[Task details]: Only one stretch of the data should be retyped: the lines from the line containing "On a rectangular" through the line containing "Bransoleta wykonana ręcznie". Keep pictures out of it.

Material for this task Start Marker

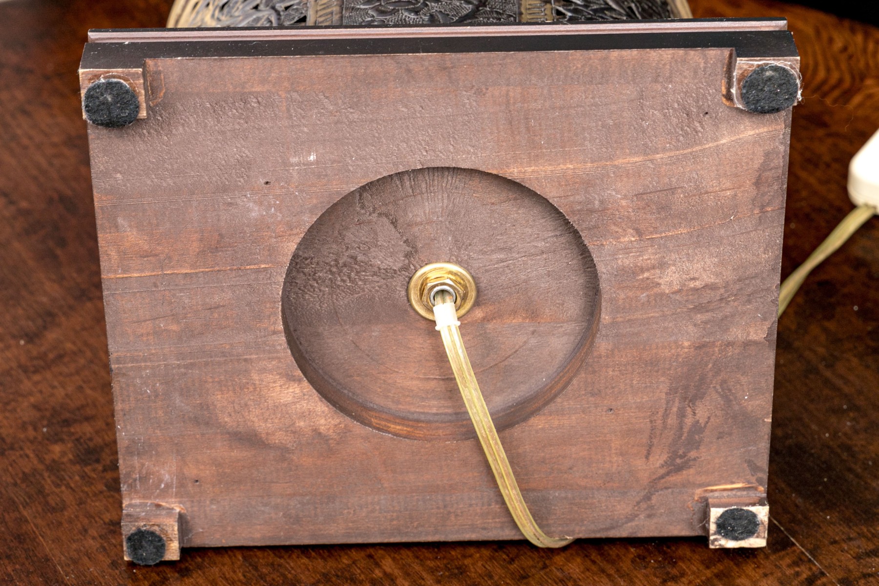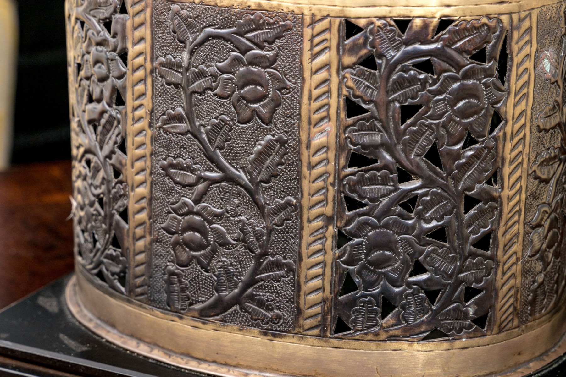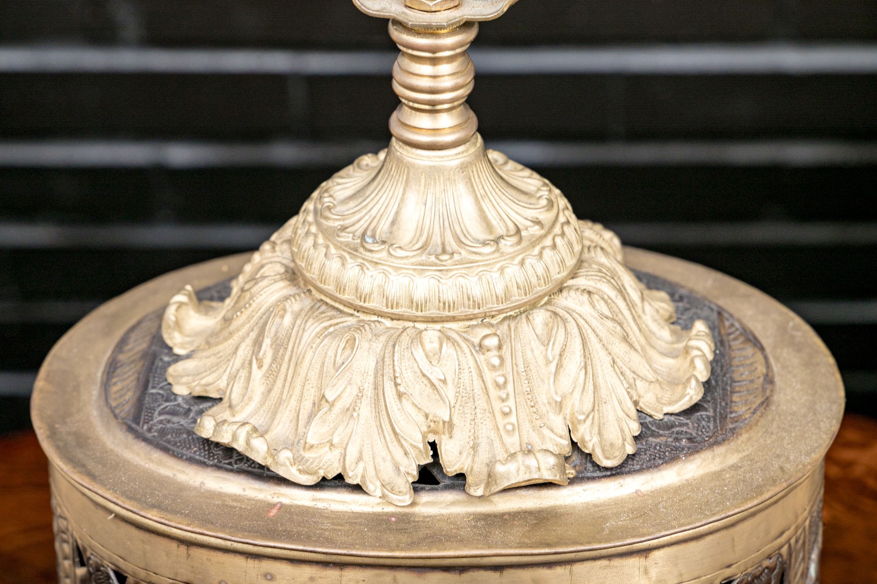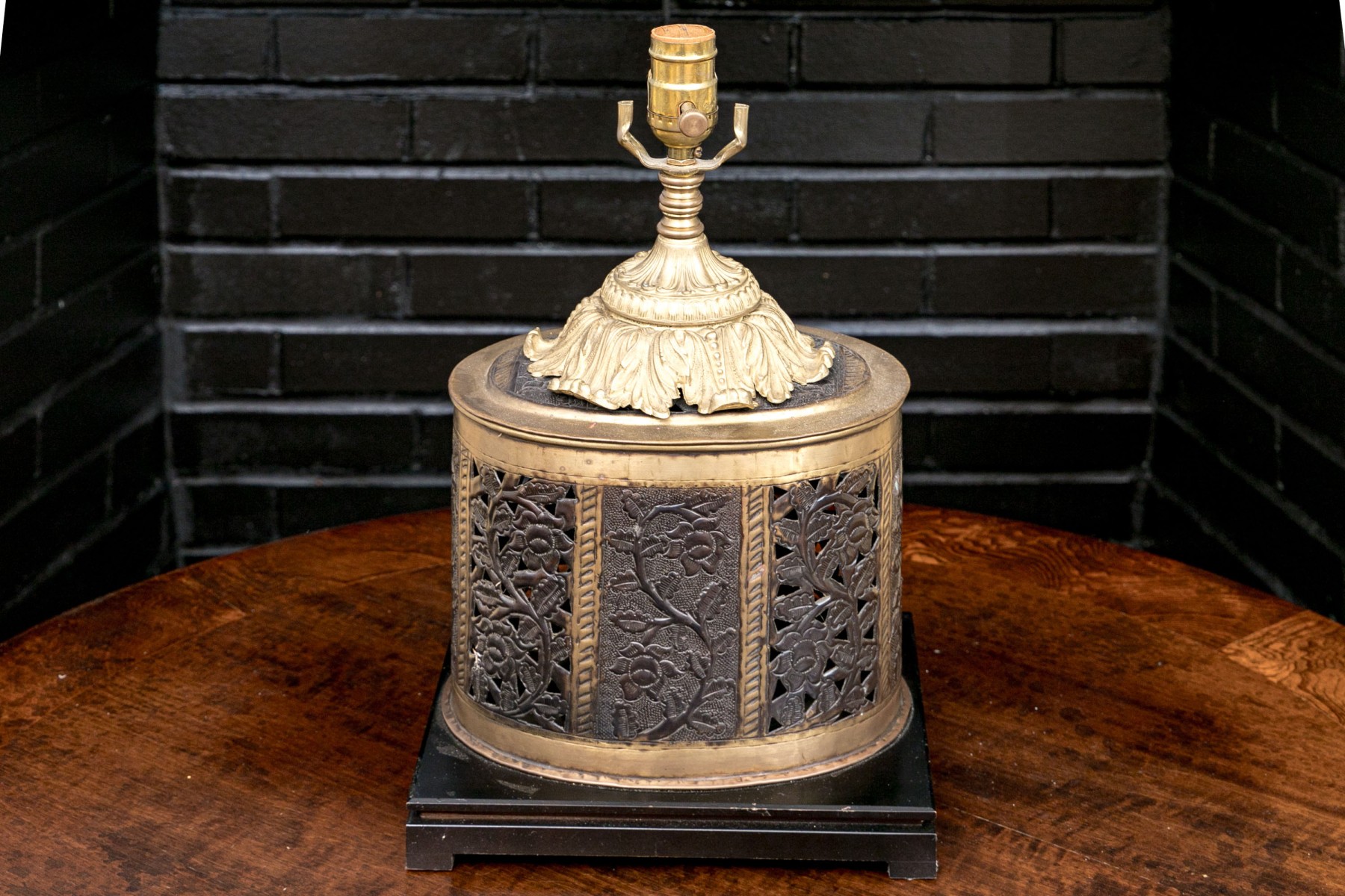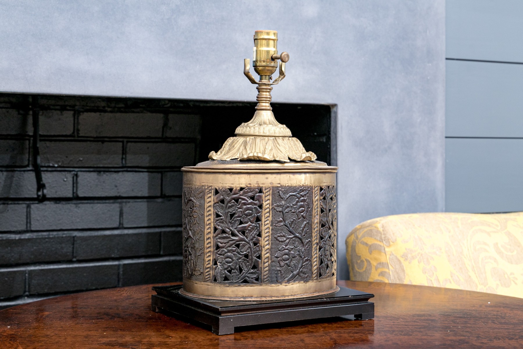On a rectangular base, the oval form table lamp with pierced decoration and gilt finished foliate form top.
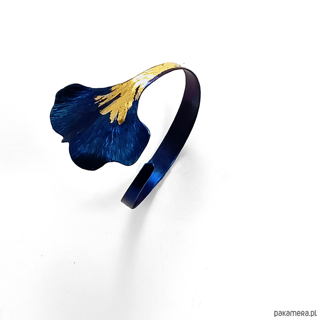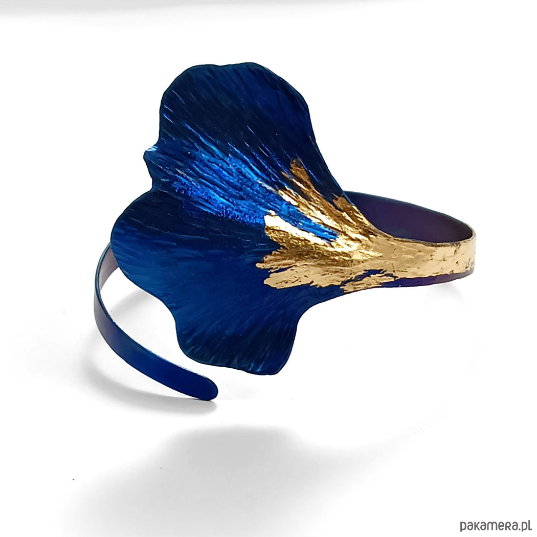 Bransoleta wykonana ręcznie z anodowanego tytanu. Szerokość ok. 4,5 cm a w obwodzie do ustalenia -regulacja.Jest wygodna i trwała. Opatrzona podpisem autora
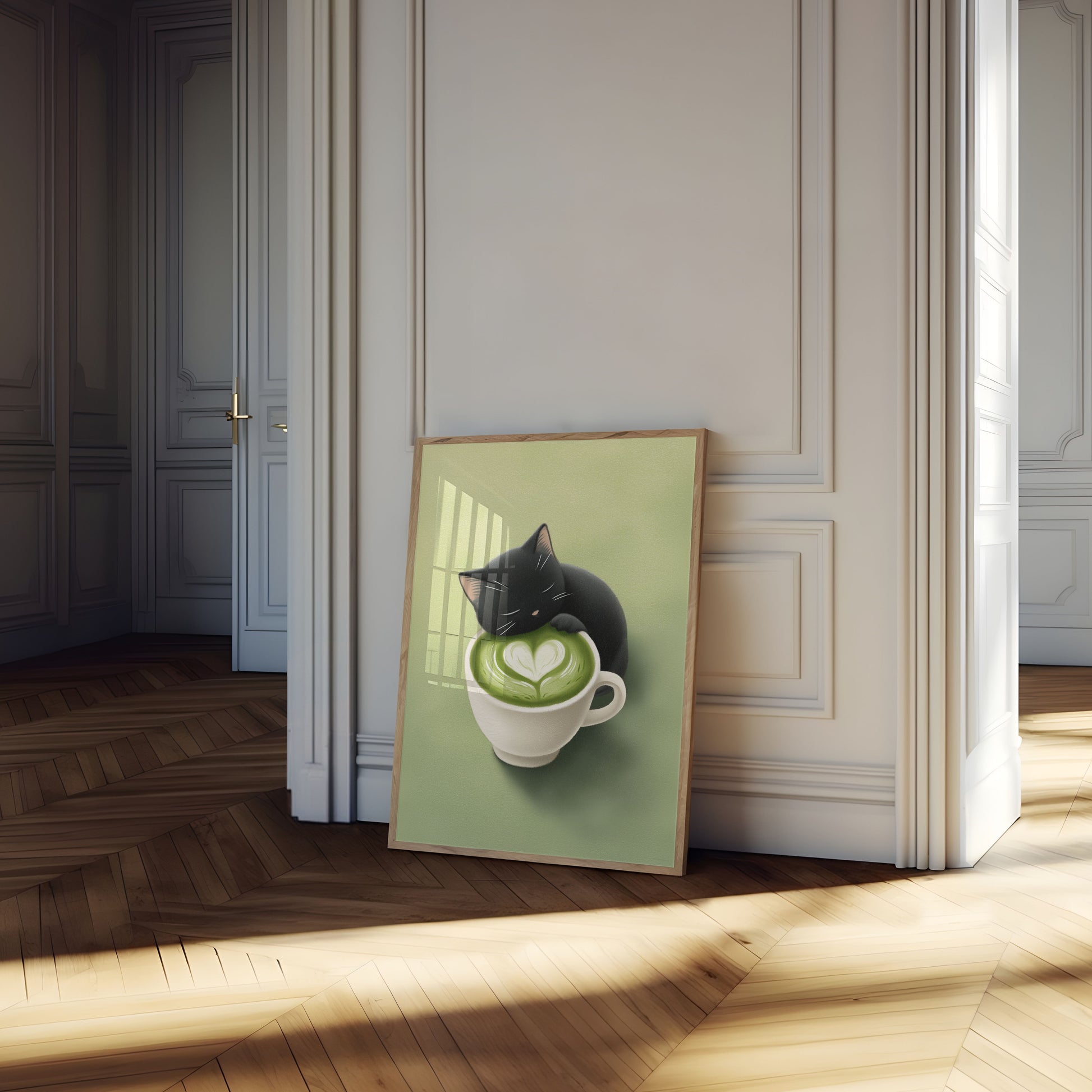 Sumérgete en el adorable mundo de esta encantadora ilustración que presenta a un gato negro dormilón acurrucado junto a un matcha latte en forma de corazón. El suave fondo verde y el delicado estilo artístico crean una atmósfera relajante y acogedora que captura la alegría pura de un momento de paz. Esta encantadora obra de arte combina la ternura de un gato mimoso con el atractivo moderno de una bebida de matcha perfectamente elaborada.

Material for this task End Marker
Material for this task Start Marker

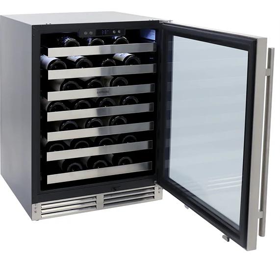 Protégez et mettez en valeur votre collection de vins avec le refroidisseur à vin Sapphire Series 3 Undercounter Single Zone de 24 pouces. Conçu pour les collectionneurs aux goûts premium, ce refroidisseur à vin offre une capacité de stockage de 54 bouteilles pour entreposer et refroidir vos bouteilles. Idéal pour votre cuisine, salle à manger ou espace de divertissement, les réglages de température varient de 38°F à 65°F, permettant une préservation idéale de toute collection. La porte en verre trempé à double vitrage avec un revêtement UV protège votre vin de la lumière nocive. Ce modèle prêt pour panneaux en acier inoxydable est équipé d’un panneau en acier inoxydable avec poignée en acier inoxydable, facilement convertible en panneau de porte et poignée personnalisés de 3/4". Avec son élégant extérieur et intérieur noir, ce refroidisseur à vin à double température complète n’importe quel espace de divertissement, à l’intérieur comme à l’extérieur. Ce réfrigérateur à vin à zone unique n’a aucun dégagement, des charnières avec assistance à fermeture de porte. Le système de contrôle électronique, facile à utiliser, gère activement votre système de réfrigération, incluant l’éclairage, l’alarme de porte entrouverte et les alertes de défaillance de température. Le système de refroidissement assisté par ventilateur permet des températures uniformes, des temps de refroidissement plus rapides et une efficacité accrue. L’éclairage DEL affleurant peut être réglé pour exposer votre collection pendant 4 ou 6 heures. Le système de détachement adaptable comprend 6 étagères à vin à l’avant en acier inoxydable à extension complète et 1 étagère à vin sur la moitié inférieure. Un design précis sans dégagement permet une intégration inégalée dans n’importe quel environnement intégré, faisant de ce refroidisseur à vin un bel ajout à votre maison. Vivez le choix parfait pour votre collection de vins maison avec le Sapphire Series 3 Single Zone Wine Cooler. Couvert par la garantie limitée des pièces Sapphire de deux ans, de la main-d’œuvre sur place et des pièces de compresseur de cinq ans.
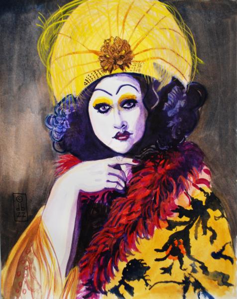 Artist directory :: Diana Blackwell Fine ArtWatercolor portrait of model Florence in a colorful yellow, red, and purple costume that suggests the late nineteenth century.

Material for this task End Marker

[Result]:
On a rectangular base, the oval form table lamp with pierced decoration and gilt finished foliate form top.
 Bransoleta wykonana ręcznie z anodowanego tytanu. Szerokość ok. 4,5 cm a w obwodzie do ustalenia -regulacja.Jest wygodna i trwała. Opatrzona podpisem autora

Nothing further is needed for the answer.